▶ **Data listing**:
___

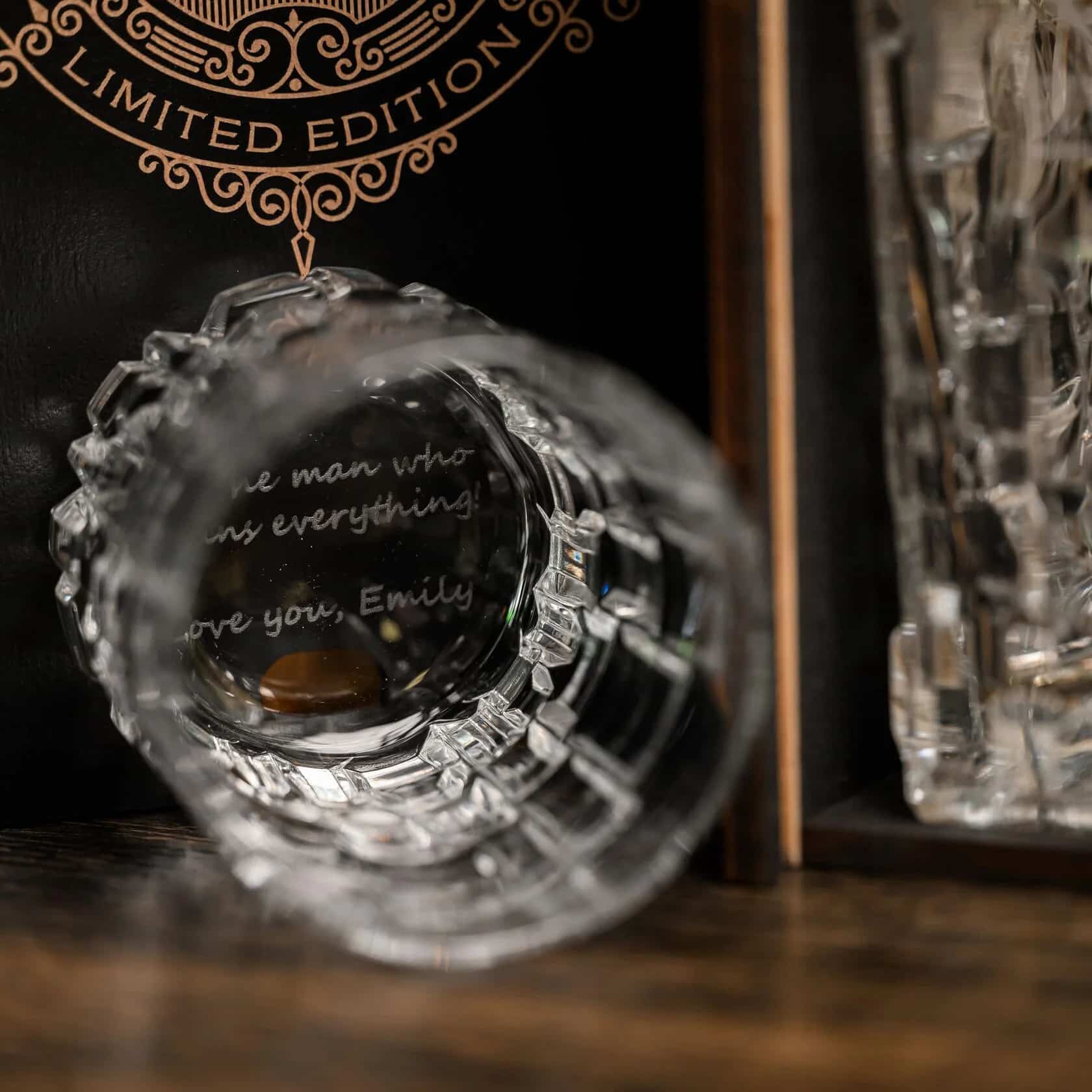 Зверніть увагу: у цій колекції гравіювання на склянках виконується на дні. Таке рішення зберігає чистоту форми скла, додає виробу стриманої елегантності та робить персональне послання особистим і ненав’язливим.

___

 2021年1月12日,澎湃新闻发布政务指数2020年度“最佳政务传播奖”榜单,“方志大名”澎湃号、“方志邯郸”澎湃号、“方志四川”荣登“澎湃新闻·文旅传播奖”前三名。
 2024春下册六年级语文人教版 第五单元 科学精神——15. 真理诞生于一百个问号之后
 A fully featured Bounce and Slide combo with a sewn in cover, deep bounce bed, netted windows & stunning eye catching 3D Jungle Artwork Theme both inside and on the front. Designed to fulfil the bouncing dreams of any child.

___

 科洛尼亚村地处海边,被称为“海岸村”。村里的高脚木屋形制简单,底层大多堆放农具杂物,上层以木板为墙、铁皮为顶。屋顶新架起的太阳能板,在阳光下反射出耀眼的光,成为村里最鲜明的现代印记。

___

▶ **Your objective**: Take the entries above and return only the lines from the one with "2024春下册六年级语文人教版 第五单元 科学精神——15. 真理诞生于一百个问号之后" to the one with "A fully featured", both included, unchanged.

▶ **Result of this task**:
 2024春下册六年级语文人教版 第五单元 科学精神——15. 真理诞生于一百个问号之后
 A fully featured Bounce and Slide combo with a sewn in cover, deep bounce bed, netted windows & stunning eye catching 3D Jungle Artwork Theme both inside and on the front. Designed to fulfil the bouncing dreams of any child.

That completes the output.